As our understanding improves and our computing power increases, we replace the parameterisations with physical processes. But we will never have perfect understanding of everything, nor infinite computing power to calculate it all. Parameterisation is a necessary evil. We can never have a perfect reality simulator, and all models are… imperfect.

In case you do lie awake worrying that the entire universe is a simulation: it’s fine, we can probably check that.

 

 

Discussion
  1. Hi Tamsin, nice article, thanks.
    As I understand it, the issue at the current capacity of supercomputers isn’t just one of resolution, but the number of iterations of the Navier-Stokes equations used to calculate the outcome of the interactions of climatic elements too. The better the gridscale resolution, the more truncated the iterations of the N-S equations, and vise versa.

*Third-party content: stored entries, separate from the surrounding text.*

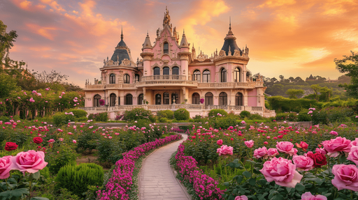 Art'loloDenna romantiska slottstapet erbjuder en förtrollande vy över ett praktfullt rosa slott omgivet av magnifika blomsterträdgårdar. Perfekt för att lä...
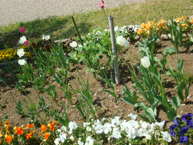 ヨットが見えるところには公園もあり。チューリップとパンジー中心の花壇がなつかしい感じ
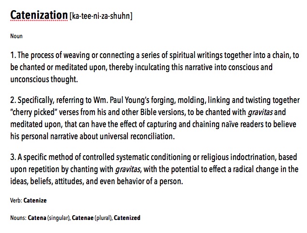 Paul Young’s A Catena exhibits thirty-four Scripture passages to support and promote among Christians his belief in universal salvation, especially those persons who reside within the spectrum of pan-evangelicalism. “I have listed a chain of scriptures, a catena, that relate directly to this conversation.” (LWBAG, 119) Note: Young calls his “chain of scriptures” (plural) A Catena when more accurately it should be titled A Catenae (Lat. plural.). If Young is intentionally using the collective singular (Catena) , then it must be concluded that the singular verses in his A Catena are to be chanted or meditated upon together as a collective unit, in one long chain; i.e., a narrative. In other words, it is a package deal. In order to describe this process, I have coined the word Catenization:
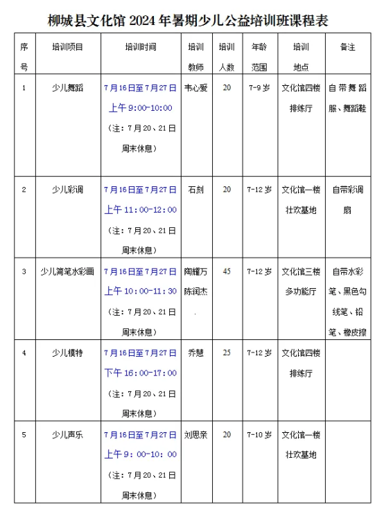 上課時間詳見《柳城縣文化館2024年暑期少兒公益培訓(xùn)班課程表》
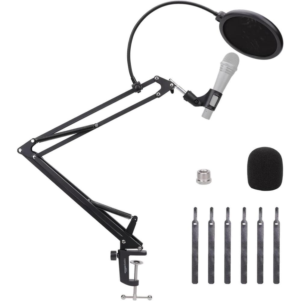 Amazon Basics Adjustable Microphone Stand, Pop Filter, Windscreen, for Blue Yeti, Snowball, Shure, Audio-Technica, other Mics, 19 inch(14 inch (Pack of 6))
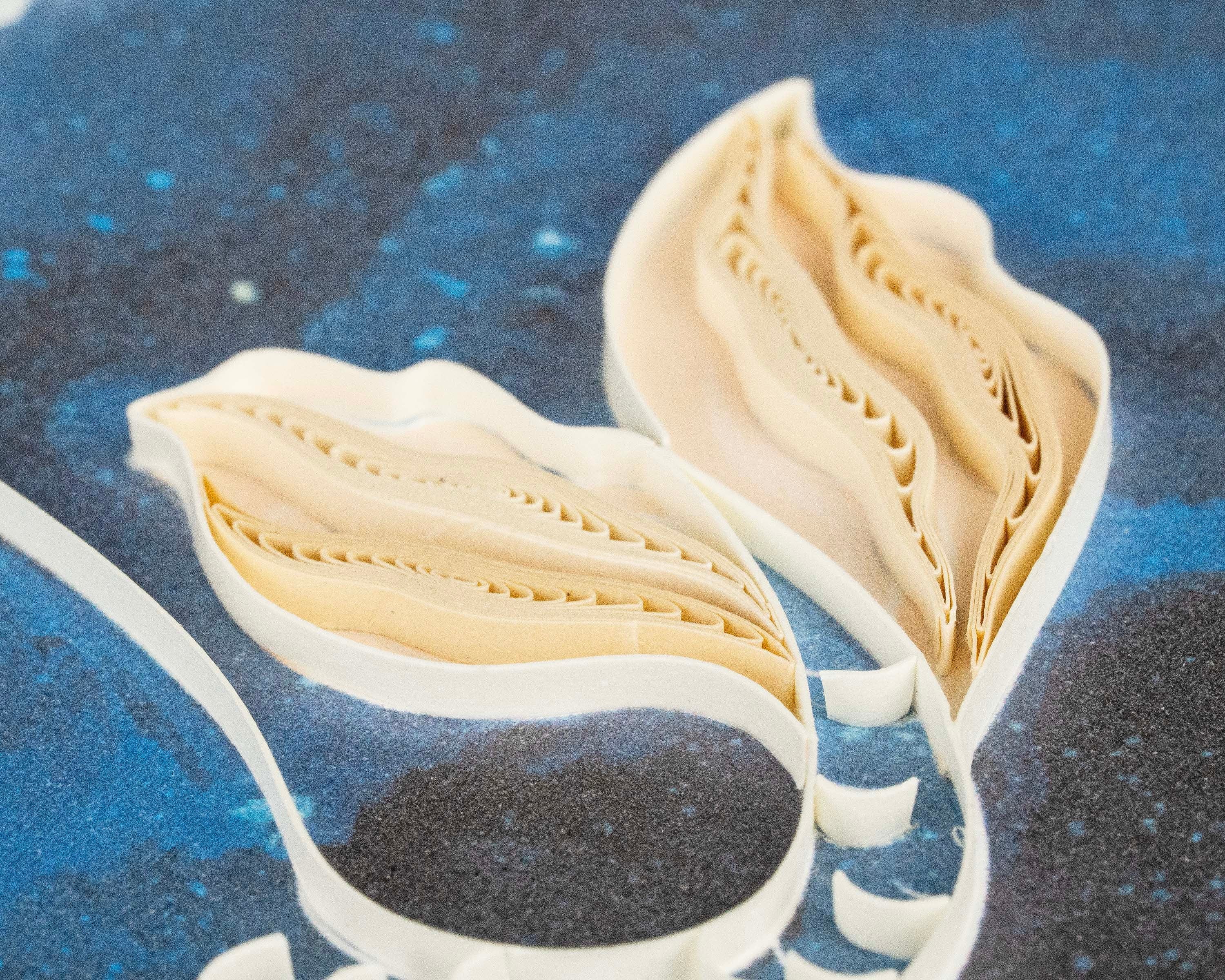 Our talented quillers coil, crimp, and place every individual quill on our cards. You can see more about the quilling process here!
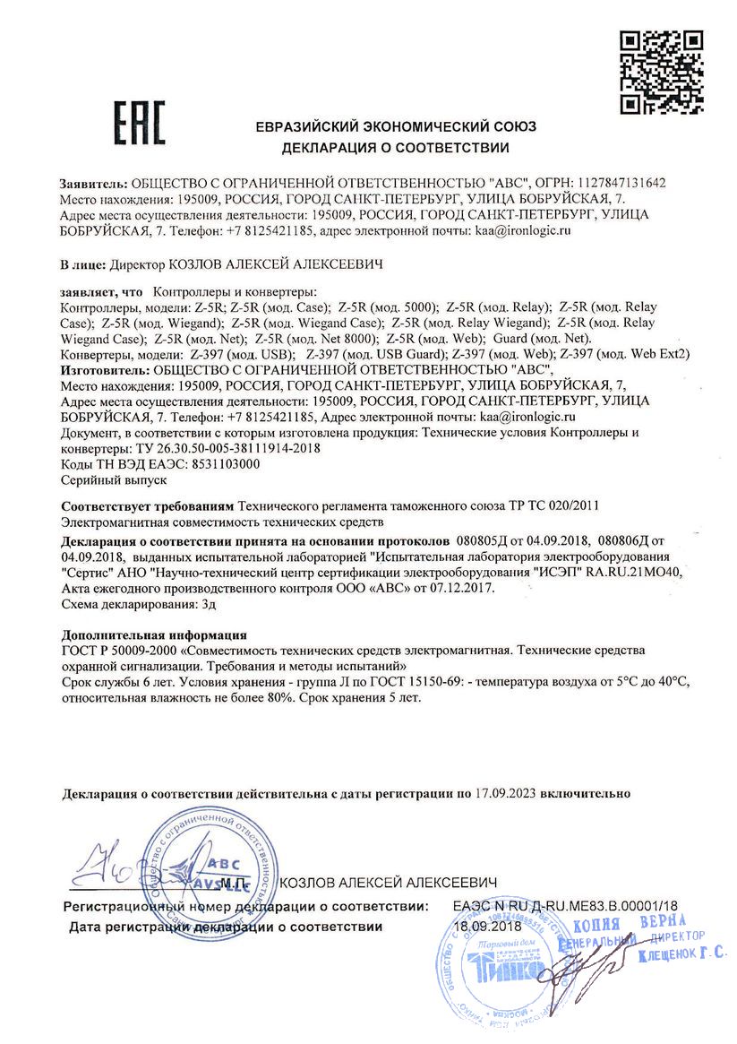 Сертификат Z-5R (мод. WiFi)
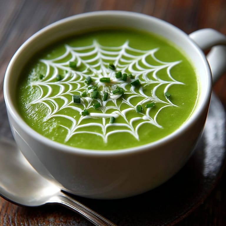 This split pea soup boasts a creamy, comforting base made from slow-simmered split peas and fresh vegetables. Onions, carrots, and celery add depth, while smoked paprika and thyme provide aromatic warmth. A whimsical touch of piped sour cream creates a playful spiderweb pattern on top—perfect for festive autumn tables. Serve warm, garnished with fresh herbs for a lively finish. Pair with rustic bread for a satisfying meal that’s both nourishing and visually delightful. Simple substitutions offer vegan and spicy variations, accommodating a range of dietary needs.
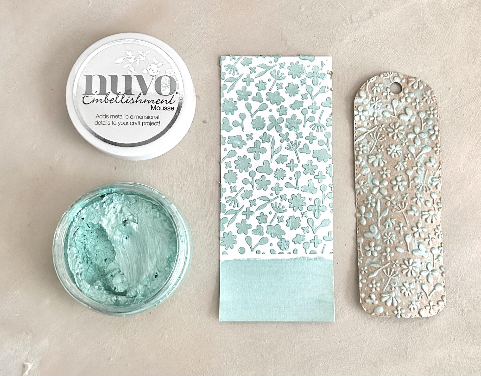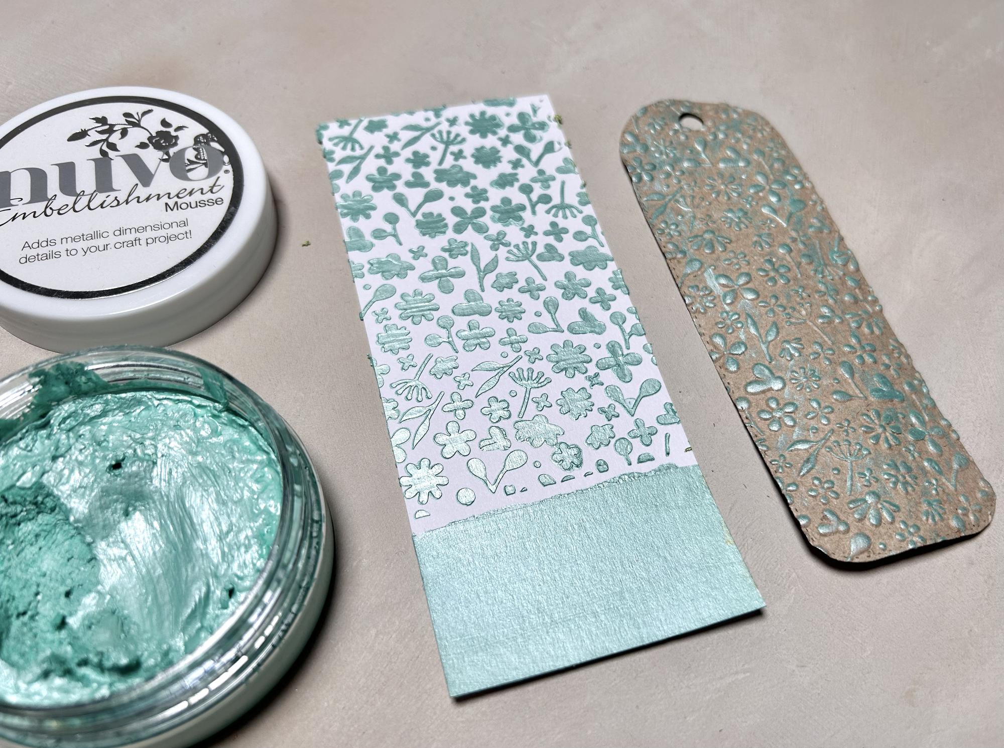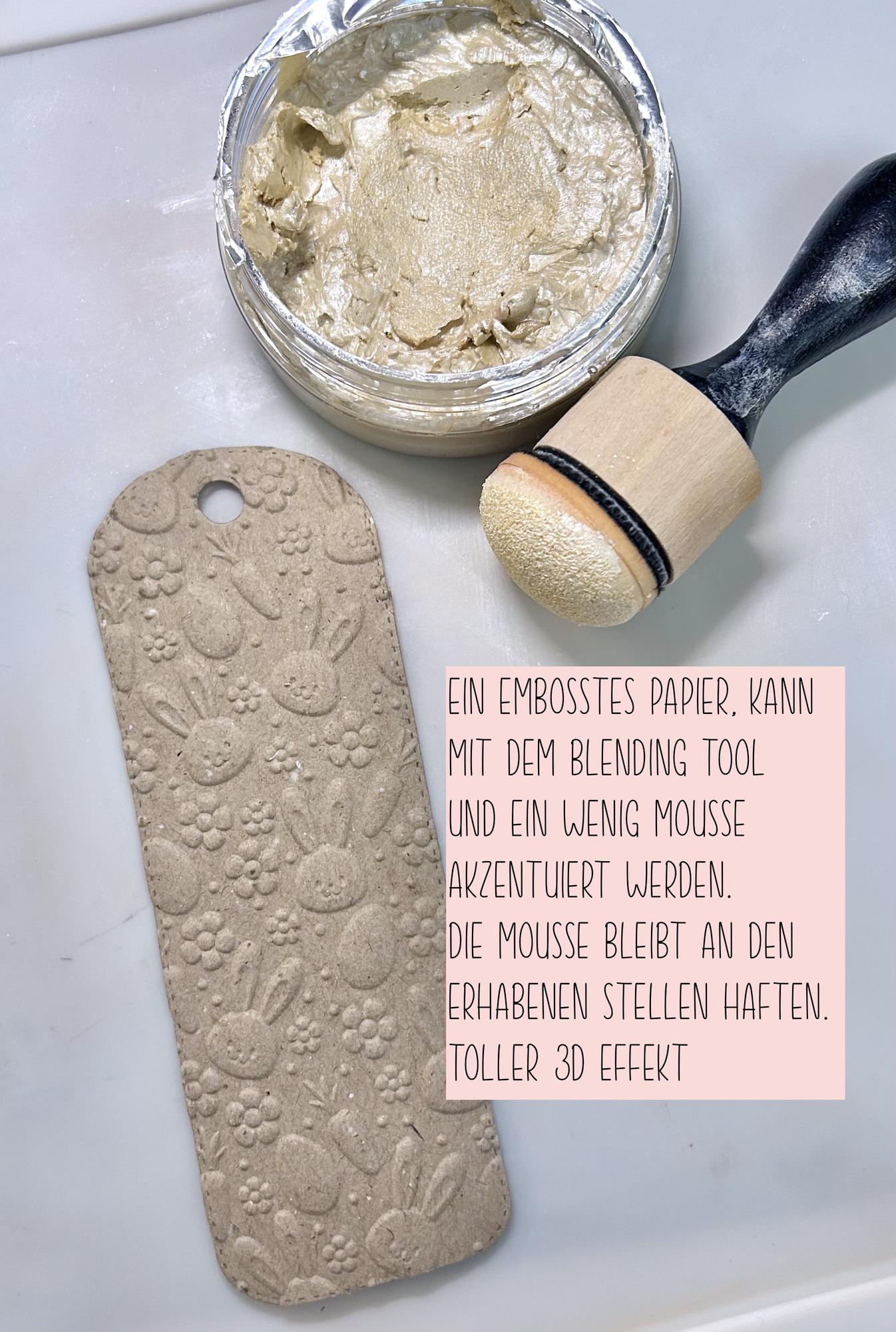 4. Mit einem Schwamm oder dem Finger kann die Creme ganz leicht auf geprägtes Papier (Embossing Folder) aufgewischt werden um einen noch tieferen 3D Effekt zu erhalten.
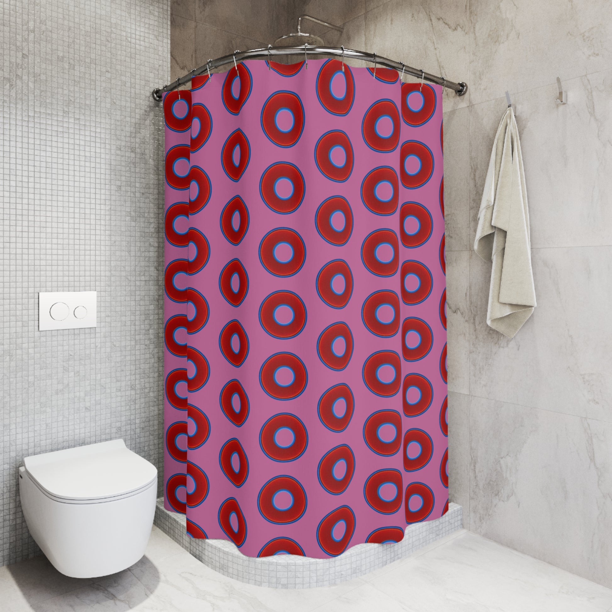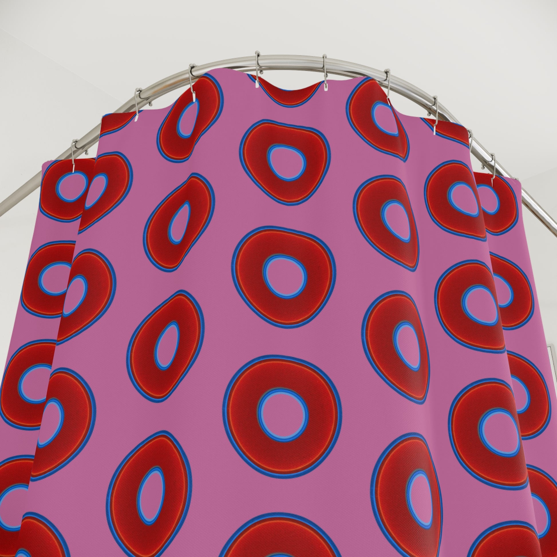 The Curtain With "Donuts" - Lumpy Bath Time Fun - vivid red donuts w/pink background
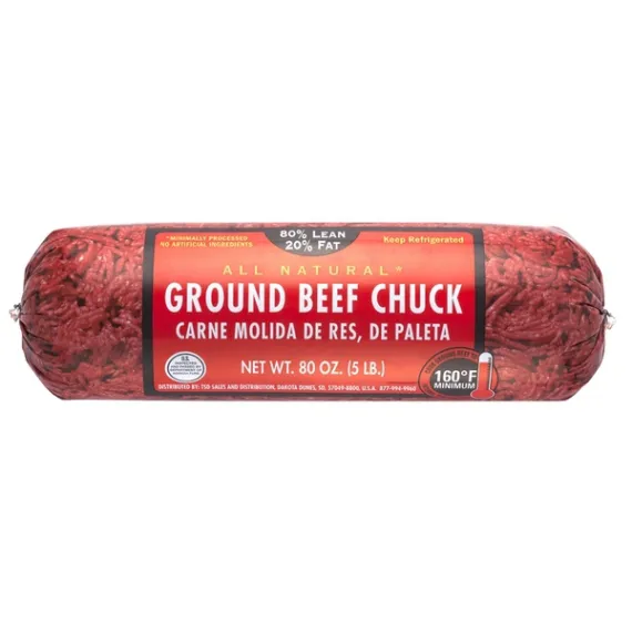 80% Lean/20% Fat, Ground Beef Chuck Roll, 5 lb
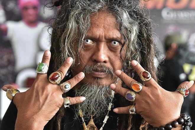 Một người đàn ông Indonesia tay đeo đầy nhẫn đá quý. Nguồn: Getty
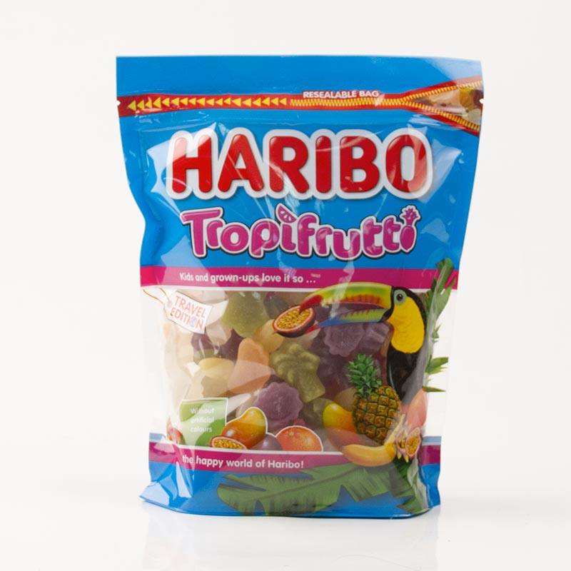 HARIBO Tropifrutti just makes life more tropical! Whether a toucan, a palm tree, a passion flower, a banana, a mango, a mandarin, a blackcurrant or a pineapple, treat yourself to the unique fruity fun of HARIBO Tropifrutti: sweet exotic jelly sweets ...
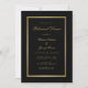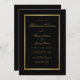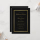 Mit dieser eleganten, schwarzen Einladung laden wir Sie zu einer stilvollen Hochzeitsfeier ein. Im klassischen Design finden Sie Imitats mit Gold-Script und all Ihren Dinner-Details, die mit einem glänzenden Imitat-Goldrahmen auf einem einfachen schwarzen Hintergrund umrahmt sind. Herzlichen Glückwunsch für Ihre Hochzeit und Ehe! Entworfen von Susan Coffey.
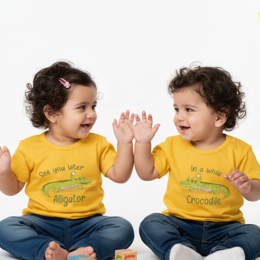 Our delightful set features two charming tees designed to complement each other perfectly. With the playful phrases "See You Later Alligator" and "In a While Crocodile," these clever and catchy tees are sure to bring smiles and laughter wherever your twins go.
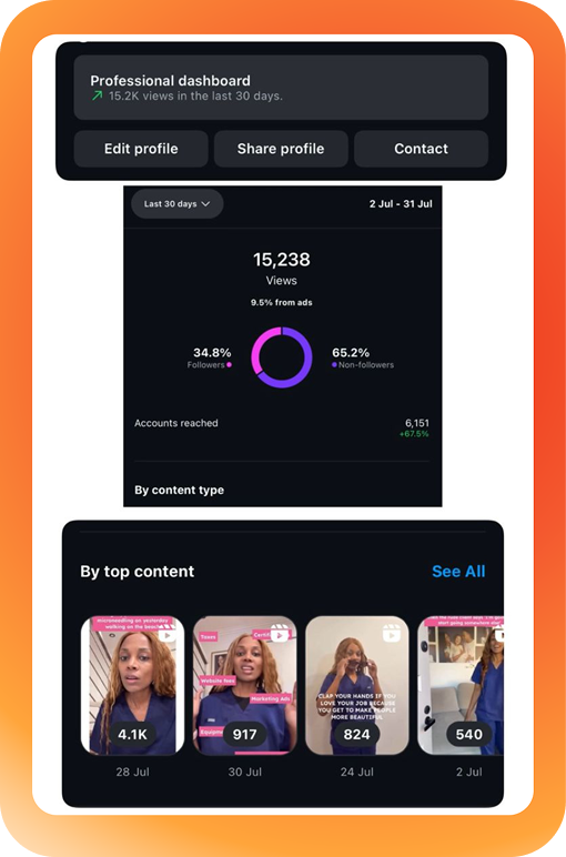 Next, we took over their Instagram and Facebook management, creating cohesive, high-quality content that matched Bea’s brand tone and highlighted real client transformations.
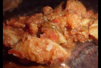 Un buen bacalao con una buena salsa de tomate, cebolla y pimiento.
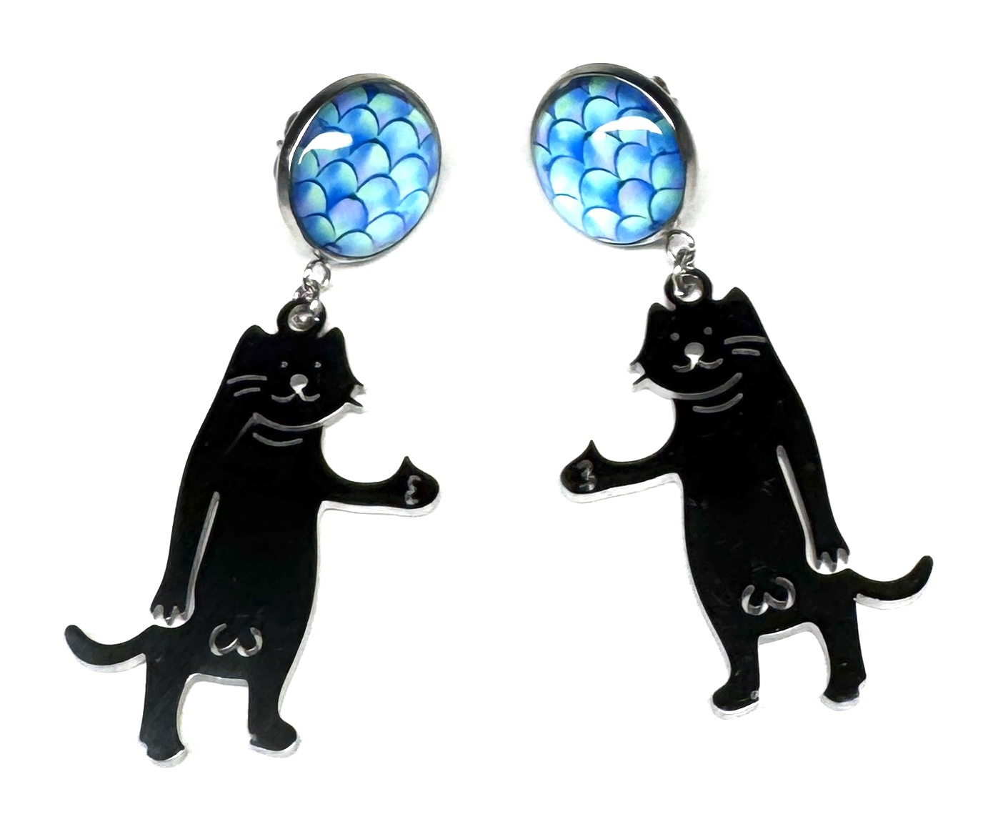 Große Ohrstecker aus Edelstahl mit Glas-Cabochon und Edelstahlanhänger. Ohrmutterverschluss.
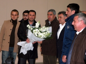 Başkanı Korkut Şerifoğluları, Beşiktaş Kulübü Futbol Komitesi üyesi Ahmet Kavalcı ve teknik direktör Samet Aybaba'ya çiçek takdim etti.
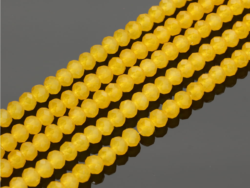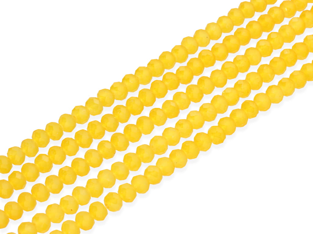 Szkło kryształowe w kształcie fasetowanej oponki, sprzedawane w sznurach bez zapięcia, służących do samodzielnego tworzenia biżuterii. Cena dotyczy jednego sznura, który podczas kompletowania zamówienia jest wybierany losowo.

    Has anyone estimated how much more powerful computers need to be before they can satisfy both these competing resource demands such that models become not just more useful, but sufficiently useful for practical purposes such as ‘pretty reliable’ 5-14 day forecasting?

  2. Hi Roger,

    Are you asking about temporal resolution, as opposed to spatial? And (as you will well know), reliable forecasts also depend on having good observations.

    Tamsin

  3. Dr. Edwards — that seemed like a non responsive response. If those are the two possibilities you see you, IMO, could easily have answered both or selected one. IMO that would have been more useful.

  4. Hi,

    I have a question about pixel size and coastline paradox.
    What is the size of earth surface ?
    If the earth is flat (in models ?), it doesn’t matter, but there are vertical structures (valleys, walls in a street, trees) that exist or not with pixel size. See figure 1.4 chapter 1 p. 113 in AR4 for an illustration.
    Does it matter for radiative exchange between earth surface and atmosphere ?
    Does earth surface (the solid one) temperature or energy flux change with pixel size ?
    Same questions for conduction.
    Response needed for entertainment only.